Thursday, May 26, 2011

Let the Healing...Begin?

I got back from work today just plain grumpy. I was tired and hungry and the kids seemed to have intentionally been testing my patience. Therefore, grumpy. Got home to the empty apartment I was hoping for so I could sleep and just stew in my grumpiness. Well, then entered discontentment...which may be a red flag that God's wanting to deal with me with something, so I told Him I didn't wanna deal with it and just wanted what I wanted and that was all. Basically, heal me so I can be good enough to stand on my own and finally be worthy of what I really, really want.

Well, sharing that motivation for healing with God is kinda an open door for Him to confront you about what His desire for your healing is, and what actually is at the heart of your desire, beyond the desire of your heart. Naturally, He pointed out my actual desire for deep-rooted, overwhelming intimacy with Him. From there, He spoke to different times in my life where I'd experienced deep hurts, telling the baby, child, adolescent, and young adult that He loves her, and holding her tightly. He took me back to a specific time where some of the cruelest words were ever spoken to me, and then responsibility for the words were never taken, today no one even remembers them except me. The name I was called confirmed things that earlier experiences had already begun to communicate and with that, a lie of my value and identity was cemented.

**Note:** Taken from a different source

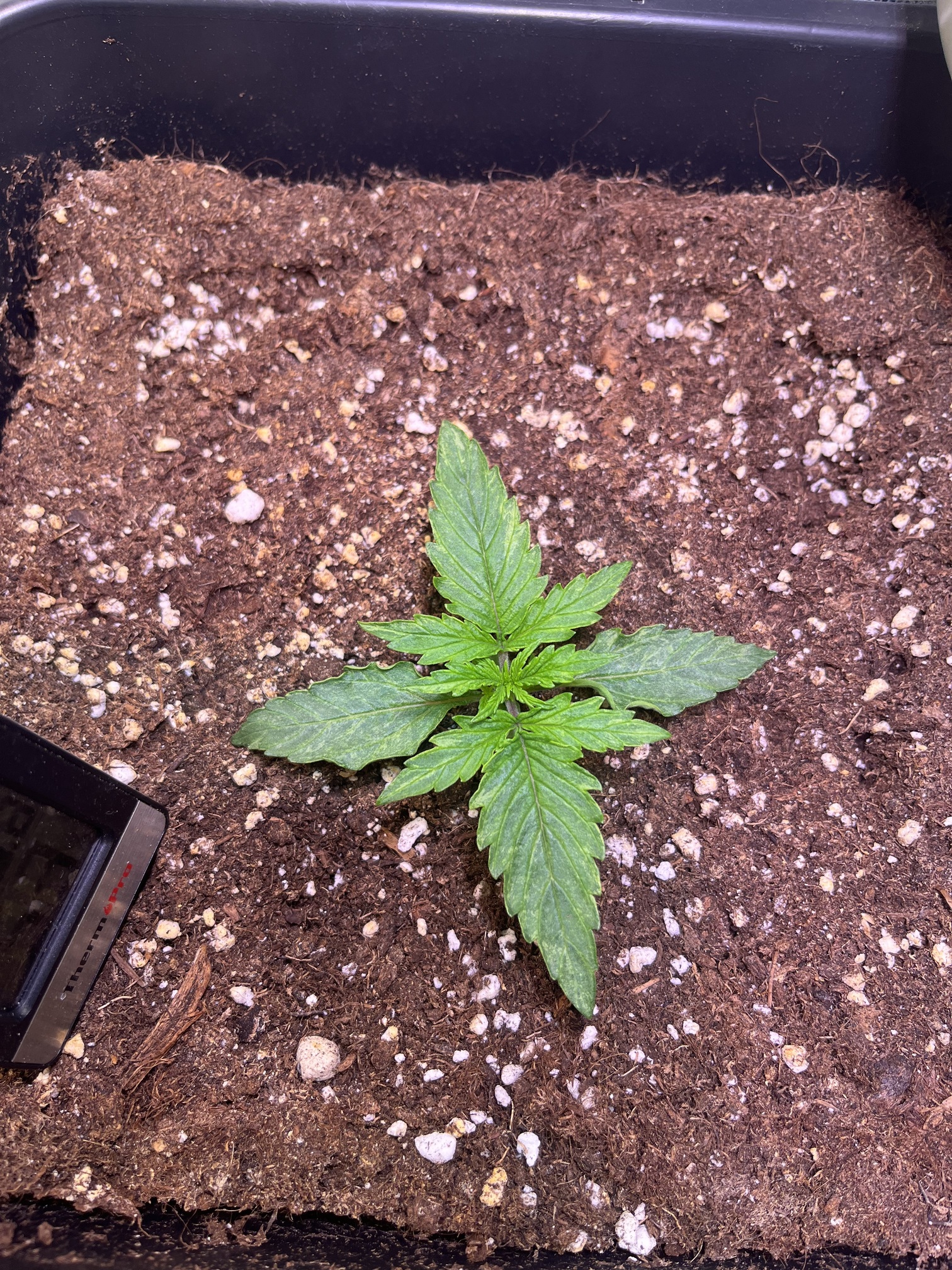 Zähle ab heute Vegetationsphase, die ersten 5-fingrigen Blätter sind jetzt sichtbar.

Nine-year-old Amber Levesque accidentally smashing her sister's finger in a window, making it bleed a lot, being called an "asshole" by her already mostly absent father. No one seemed to notice it wasn't what she'd accidentally done that caused her so many tears, but what was said to her. Writing now, I think I remember a stranger giving me tissues to wipe my eyes, while my dad tended to my sister and my grandparents just sat there beside me, maybe thinking "she should feel remorse for what she did."

To that nine-year-old girl, God said today, "Your dad doesn't know who you are. You are MY child, not his. That is your identity! And in six years, you will know ME and begin to see the depth of my love for you!"

I apologize if this is a bit too much of me exposing my life. Over-sharing helps me fight lies of shame and embarrassment of my past, but I definitely don't want to cause you to stumble. I won't be offended if I end up with absolutely no "followers." After all, my identity isn't found in how much attention I get from you, but what Jesus did to show the depth of His love for me and His calling me Daughter. For not being at LT, God sure is doing a mighty work in my life.